If the couple is confined to a two rooms, though, as is often the case, with dementia or physical problems are severely limiting one partner and care providers coming and going every day then independence has probably already been lost.

It is often better to move into a community where care is more readily delivered, and the focus can be shifted to family and social activities. So many times, people have told me that “I just moved here too late.”

Focus on time together earlier in the disease process

Unfortunately, many types of dementia, such as that associated with Alzheimer’s and Parkinson’s, have reasonably predictable progression timelines. For many people, the last years of these diseases are spent with rapidly decreasing cognition and increasingly debilitating physical problems.

Many couples want to live as many of their “better” years together, and they want solutions within senior living that allow them to live together as long as is practical. Smart assisted living and dementia care communities are innovating to make this possible.

One partner has dementia; the other does not

This is one of the most common scenarios. One senior has relatively intact cognition, while the other has dementia that is progressing. In a surprising number of cases, the couple can continue to live together in assisted living, with a care plan set up to help the partner with dementia receive assistance with the activities of daily living (dressing, bathing, etc.) in the apartment, administered by the staff.

In some cases, the partner with dementia will go to the community’s memory care section during the day and participate in activities appropriate for a person with dementia. This frees up the partner without dementia to enjoy the standard activities of the community. The couple then comes together for at least the evening meal and goes back together to the apartment to sleep.

One community I work with has an intermediate option – a day program for people with dementia set up right in the community. This is a great option for people with moderate dementia.

Some communities will accommodate couples in dementia care sections even when only one partner has dementia. This is not as common – the apartments in dementia care are typically smaller than in assisted living, and some states have laws preventing a person who does not have dementia from living in dementia care.

Some communities, though, have gotten waivers for this joint accommodation, and have worked through the logistics of giving the non-dementia partner access to activities elsewhere in the community that provide social and physical stimulation appropriate for a senior without dementia. This is another way for a couple to stay together even as their needs for care diverge.

When dementia progresses

The causes of dementia are several, and each progresses at a different rate.

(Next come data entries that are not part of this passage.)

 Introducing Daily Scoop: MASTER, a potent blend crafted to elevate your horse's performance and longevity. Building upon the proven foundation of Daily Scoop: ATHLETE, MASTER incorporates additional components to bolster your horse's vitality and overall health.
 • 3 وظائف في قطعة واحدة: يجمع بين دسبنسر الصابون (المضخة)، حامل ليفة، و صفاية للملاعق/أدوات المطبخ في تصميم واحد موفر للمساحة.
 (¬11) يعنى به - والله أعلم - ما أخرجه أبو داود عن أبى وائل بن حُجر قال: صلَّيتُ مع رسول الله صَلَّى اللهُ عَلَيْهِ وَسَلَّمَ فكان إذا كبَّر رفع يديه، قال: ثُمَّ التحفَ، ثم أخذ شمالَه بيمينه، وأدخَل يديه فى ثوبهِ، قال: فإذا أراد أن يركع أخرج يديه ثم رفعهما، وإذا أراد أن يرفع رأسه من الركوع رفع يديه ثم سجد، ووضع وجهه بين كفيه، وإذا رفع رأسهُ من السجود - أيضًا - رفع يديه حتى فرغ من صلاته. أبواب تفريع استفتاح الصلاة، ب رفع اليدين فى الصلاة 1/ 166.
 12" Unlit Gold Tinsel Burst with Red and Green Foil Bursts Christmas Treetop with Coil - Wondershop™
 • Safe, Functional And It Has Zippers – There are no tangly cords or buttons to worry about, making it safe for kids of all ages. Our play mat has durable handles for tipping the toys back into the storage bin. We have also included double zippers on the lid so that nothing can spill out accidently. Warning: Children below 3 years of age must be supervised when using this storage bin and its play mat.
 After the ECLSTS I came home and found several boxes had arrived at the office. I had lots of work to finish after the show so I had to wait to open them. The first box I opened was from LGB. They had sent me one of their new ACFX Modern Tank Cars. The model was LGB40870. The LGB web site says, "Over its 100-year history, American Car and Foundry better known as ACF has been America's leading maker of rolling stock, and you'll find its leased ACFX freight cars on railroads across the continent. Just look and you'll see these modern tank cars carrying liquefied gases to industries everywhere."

Most types of dementia, too, have neuromuscular and other physical changes associated with different stages of the disease process. The later stages of Alzheimer’s, for example, typically limit a person’s ability to walk, talk, and use many of their muscles.

At some point, people with advanced dementia often need to live in a specialized facility – a more advanced dementia care community or long-term care facility. This period is extremely hard on couples, and their strategies and choices are determined by a variety of factors, including cost.

Sometimes couples will move into separate housing at this point – a separate apartment within the community for the healthier partner, or even moving out of senior living altogether, while the other moves into housing that can manage sometimes completely nonverbal and non-ambulatory residents.

Creativity leads to good solutions

Senior living communities are working to accommodate couples with different capabilities, giving them as many years together as possible.